━━ Input data
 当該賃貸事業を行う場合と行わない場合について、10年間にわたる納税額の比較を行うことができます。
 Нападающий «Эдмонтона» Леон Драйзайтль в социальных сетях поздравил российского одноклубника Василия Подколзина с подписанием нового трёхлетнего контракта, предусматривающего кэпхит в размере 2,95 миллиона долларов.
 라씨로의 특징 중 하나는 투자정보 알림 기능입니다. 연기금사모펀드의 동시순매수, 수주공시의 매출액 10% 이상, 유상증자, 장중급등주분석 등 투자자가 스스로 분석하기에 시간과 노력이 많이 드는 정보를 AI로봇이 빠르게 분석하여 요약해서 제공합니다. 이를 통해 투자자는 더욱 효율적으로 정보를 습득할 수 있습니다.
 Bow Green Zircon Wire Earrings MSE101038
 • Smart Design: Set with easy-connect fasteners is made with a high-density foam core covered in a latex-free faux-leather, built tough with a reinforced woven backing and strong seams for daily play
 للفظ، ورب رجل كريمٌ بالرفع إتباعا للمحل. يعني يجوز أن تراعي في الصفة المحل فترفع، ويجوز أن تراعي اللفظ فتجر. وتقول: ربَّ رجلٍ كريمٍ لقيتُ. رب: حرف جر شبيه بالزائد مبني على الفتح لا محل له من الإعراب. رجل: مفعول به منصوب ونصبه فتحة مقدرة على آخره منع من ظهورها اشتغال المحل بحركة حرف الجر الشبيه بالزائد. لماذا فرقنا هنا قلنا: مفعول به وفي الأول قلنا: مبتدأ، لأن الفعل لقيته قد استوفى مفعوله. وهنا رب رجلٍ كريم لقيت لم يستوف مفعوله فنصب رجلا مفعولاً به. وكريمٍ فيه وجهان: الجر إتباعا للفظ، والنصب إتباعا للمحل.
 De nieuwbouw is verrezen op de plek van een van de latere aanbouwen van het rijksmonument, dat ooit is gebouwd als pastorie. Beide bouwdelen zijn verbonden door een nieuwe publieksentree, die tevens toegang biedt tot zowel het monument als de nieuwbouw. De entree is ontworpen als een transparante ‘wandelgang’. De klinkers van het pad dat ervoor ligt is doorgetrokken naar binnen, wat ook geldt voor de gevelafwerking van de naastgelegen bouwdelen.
━━━━
━━ Input data
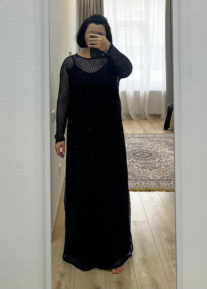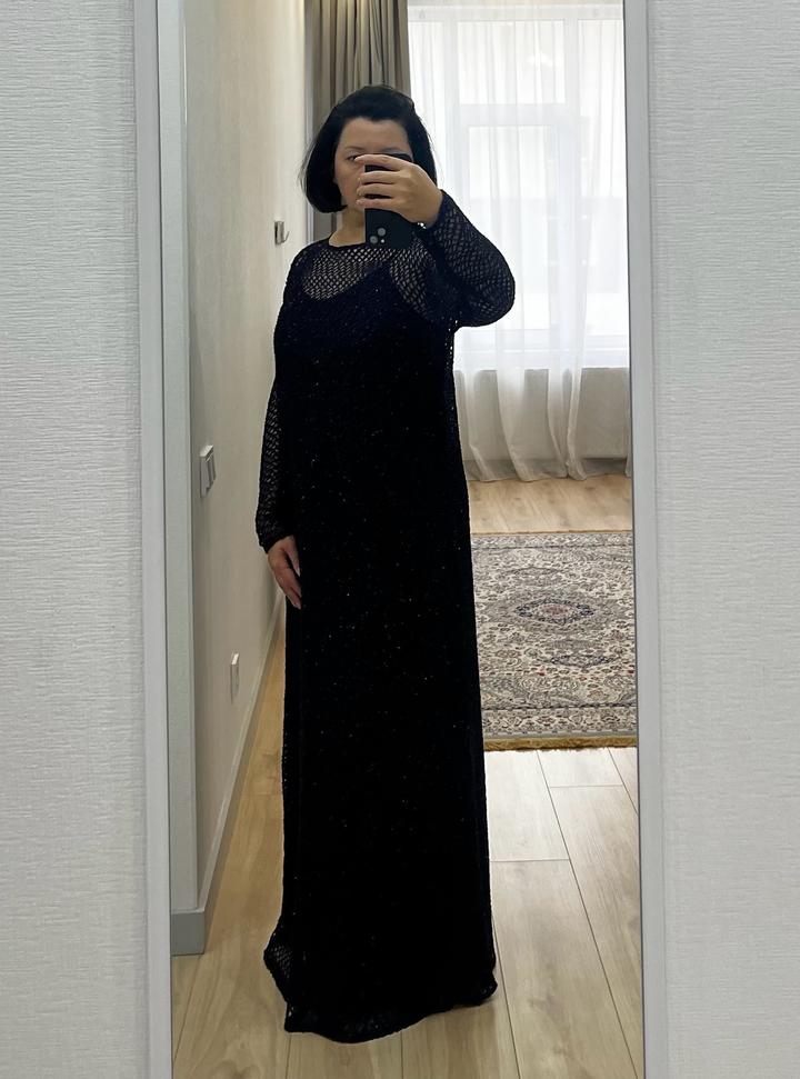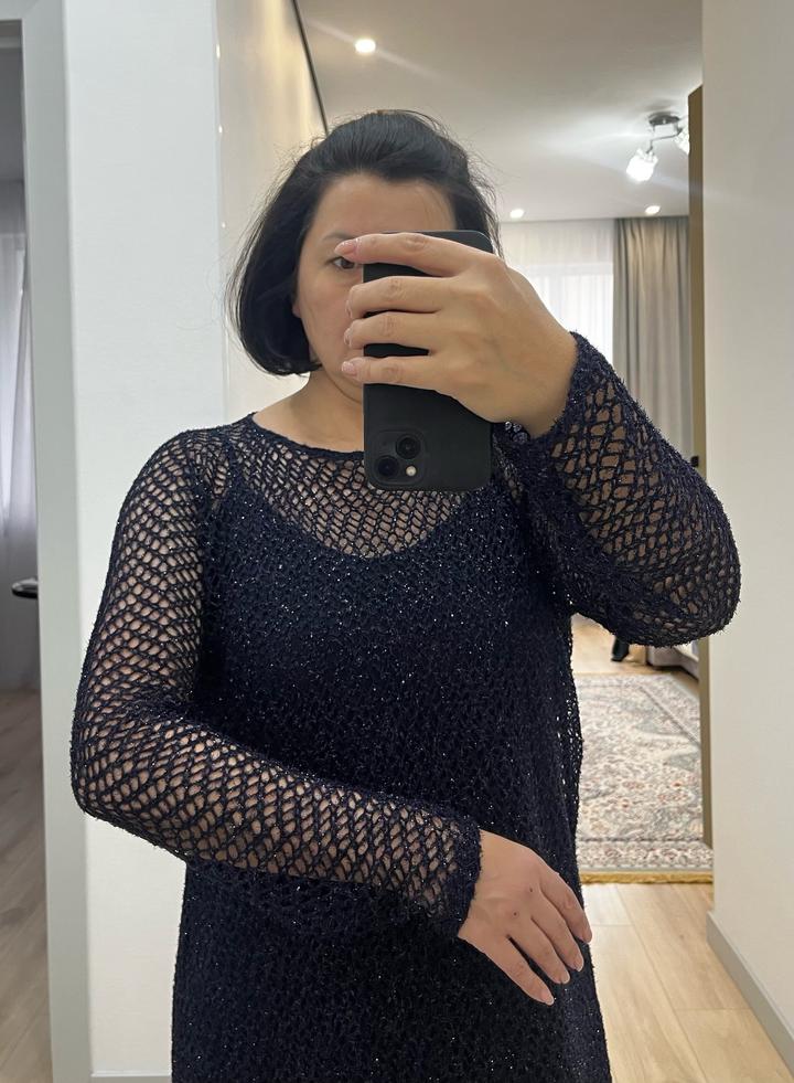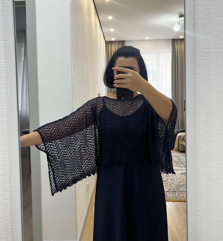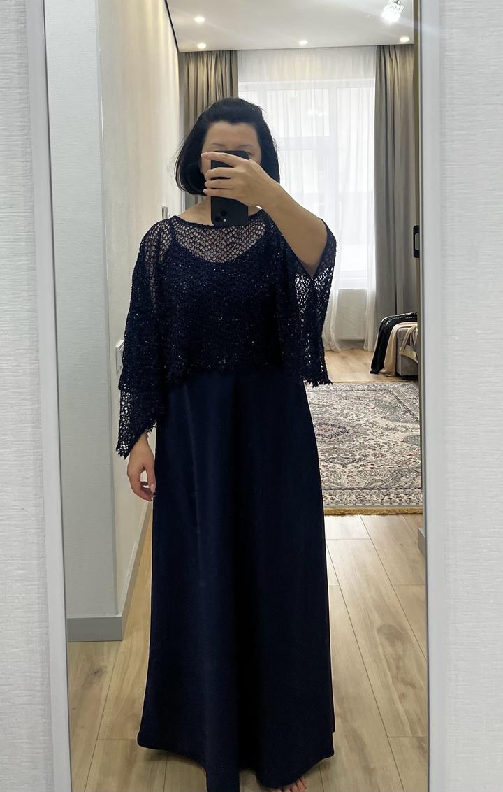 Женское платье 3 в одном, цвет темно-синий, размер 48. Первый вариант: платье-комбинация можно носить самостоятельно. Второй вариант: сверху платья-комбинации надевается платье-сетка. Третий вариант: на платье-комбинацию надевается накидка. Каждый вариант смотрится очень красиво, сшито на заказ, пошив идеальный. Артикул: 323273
━━━━
■ Your objective:
From the material above, set down exactly the lines between the line holding "当該賃貸事業を行う場合と行わ" and the line holding "Bow Green Zircon Wire Earrings MSE101038", inclusive. Include nothing else.

■ Answer to this exercise:
 当該賃貸事業を行う場合と行わない場合について、10年間にわたる納税額の比較を行うことができます。
 Нападающий «Эдмонтона» Леон Драйзайтль в социальных сетях поздравил российского одноклубника Василия Подколзина с подписанием нового трёхлетнего контракта, предусматривающего кэпхит в размере 2,95 миллиона долларов.
 라씨로의 특징 중 하나는 투자정보 알림 기능입니다. 연기금사모펀드의 동시순매수, 수주공시의 매출액 10% 이상, 유상증자, 장중급등주분석 등 투자자가 스스로 분석하기에 시간과 노력이 많이 드는 정보를 AI로봇이 빠르게 분석하여 요약해서 제공합니다. 이를 통해 투자자는 더욱 효율적으로 정보를 습득할 수 있습니다.
 Bow Green Zircon Wire Earrings MSE101038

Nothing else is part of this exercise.